NVIDIA has been committed to the integration of the InfiniBand high-performance network and the Ethernet network, launching a variety of multinetwork integration chip products, and its latest network provides data-center application support, and it provides a block-level encryption function. Data must be encrypted during transmission and decrypted when stored or retrieved by hardware. It supports protection among users sharing the same resources, reduces latency, and reduces CPU load. It complies with Federal Information Processing Standards, which reduces the system’s requirements for self-encrypting disks; through communication accelerators, scalable hierarchical aggregation and reduction technology, it can meet the network bandwidth and delay requirements from high-performance computing to machine learning, and even the most demanding applications. InfiniBand’s Harrier network is based on HPC interconnection, which integrates PCIe networks, 100 G Ethernet, and monitoring and management networks; PLX originally focused on PCIe Switch, but it now gradually develops towards PCIe networking based on multiple PCIes [66,67]. Cray’s new generation of Slingshot interconnection adopts the “HPC Ethernet” architecture to achieve the convergence of the high-performance interconnect network and Ethernet. Expanding the traditional high-performance interconnection technology to support the data center network protocol stack has become an important development trend in the current, international, high-speed interconnection field.
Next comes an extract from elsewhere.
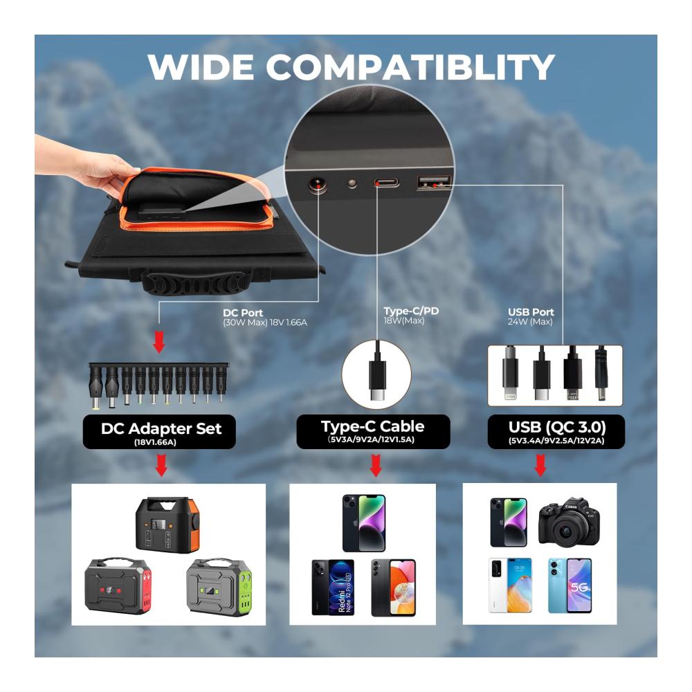 🚀Schnelles Aufladen: Upgraded Mesuvida ist mit einem QC 3.0-Anschluss (24W) ausgestattet, It&39; braucht nur die Hälfte der Zeit, um vollständig aufzuladen Samsung und Xiaomi als ein normaler USB (5V/2.4A). {Intelligente IC-Technologie erkennt automatisch die Protokolle der angeschlossenen Geräte und gewährleistet die schnellstmögliche Ladegeschwindigkeit. } 🔋Weite Kompatibilität: Unser PD-Port (18W) lädt das iPhone 1,5 mal schneller als andere, die nur mit 2 USB-Ports (5V 2,4A) ausgestattet sind, seine 18V max DC-Ausgang und 10*DC-Adapter gelten für fast alle 12-18V-Stationen auf dem Markt, empfohlen, um ≤100Wh Kraftwerk aufgrund der Einschränkungen des Sonnenlichts zu laden. 💼Einfach zu transportieren: Das gefaltete Solarpanel sieht aus wie eine Laptoptasche und lässt sich durch den mitgelieferten Griff oder Schultergurt leicht tragen. Die Aufbewahrungstasche mit Reißverschluss kann die Anschlussdose besser vor Spritzwasser oder Staub schützen, wenn sie im Freien ist. Und kann verhindern, dass das Telefon aus der Aufbewahrungstasche fällt. 🌞Hocheffiziente Solarzellen: Hergestellt aus hochdichtem monokristallinem Silizium, Der mitgelieferte Ständer ermöglicht es, das Solarpanel in einem Winkel von 45° zu platzieren, um die Umwandlung von Sonnenlicht zu maximieren. 3 Paneele können unabhängig voneinander als paralleles Design arbeiten. Selbst wenn eines beschädigt ist, funktionieren die beiden anderen. 💯Dauerhaft & Garantie: Eingebautes intelligentes Schutzsystem schützt Ihr Gerät vor Überladung und Überlastung, um eine lange Lebensdauer zu gewährleisten. IPX4 verhindert die Beschädigung des Panels durch Regentropfen. HINWEIS: Wir bieten eine 18-monatige Garantie und einen 24-Stunden-Kundenservice. Erhalten Sie mit dem tragbaren Solarladegerät von Mesuvida eine zuverlässige Stromversorgung, egal wo Sie sind. Mit einem QC 3.0-Anschluss für schnelles Aufladen und einem PD-Port für iPhone und andere Geräte bietet dieses Ladegerät hohe Kompatibilität und Leistung. Das faltbare Solarpanel ist leicht zu transportieren und effizient, dank hochdichtem monokristallinem Silizium. Mit einem intelligenten Schutzsystem und IPX4-Wasserdichtigkeit ist es langlebig und zuverlässig, perfekt für unterwegs.

4.2. D-System Integrated Packaging Based on Optoelectronic Fusion and Chiplets

“More than Moore” [47] involves the improvement of chip performance which no longer relies on purely stacked transistors, but more on circuit design and system algorithm optimization; at the same time, with the help of advanced packaging technology to achieve heterogeneous integration, that is, relying on digital chip modules realized by advanced technology integrated to improve chip performance.
With the expansion of system scale and the improvement of communication bandwidth, optical interconnection has increasingly become an important implementation technology that cannot be bypassed in the construction of large-scale interconnection networks, and the trend of optical interconnection technology to further penetrate into board-level and chip-package-level designs is also increasing [61,62]. High-density optoelectronic integration technology is currently the most important enabling technology for improving chip-integration density and system-interconnection density, and it is also a currently an area of great international research interest [68]. Chiplet-based 2.5D integrated packaging is also the trend of future chip packaging. Samples of EPI’s first CPU prototype EPAC 1.0 test chip based on the 22 nm process using the RISC-V architecture were launched in 2021 [69]. In the EPI (European Processor Initiative) project plan, each processor will contain four VPUs (vector processors) as well as EXTOLL ultra-high-speed network on chips and SerDes interconnect technology. The chips are expected to be packaged as chiplets. The RHEA SoC using ARM architecture will contain 72 Arm Neoverse Zeus cores, a mesh grid layout, 2.5D packaging, integrated HBM and network interconnect modules, and will be manufactured using TSMC’s 6 nm process [53]. This includes the involvement of many chip giants in the silicon photonics industry, and several silicon-based optoelectronic hybrid-chip-design start-ups, such as Ayar Labs in the United States, Rockley in the United Kingdom, RANOVUS in Canada, Sicoya in Germany, and Leti in France, have sprung up. Silicon-based optoelectronic integration is used in applications. The general promotion will usher in an explosion.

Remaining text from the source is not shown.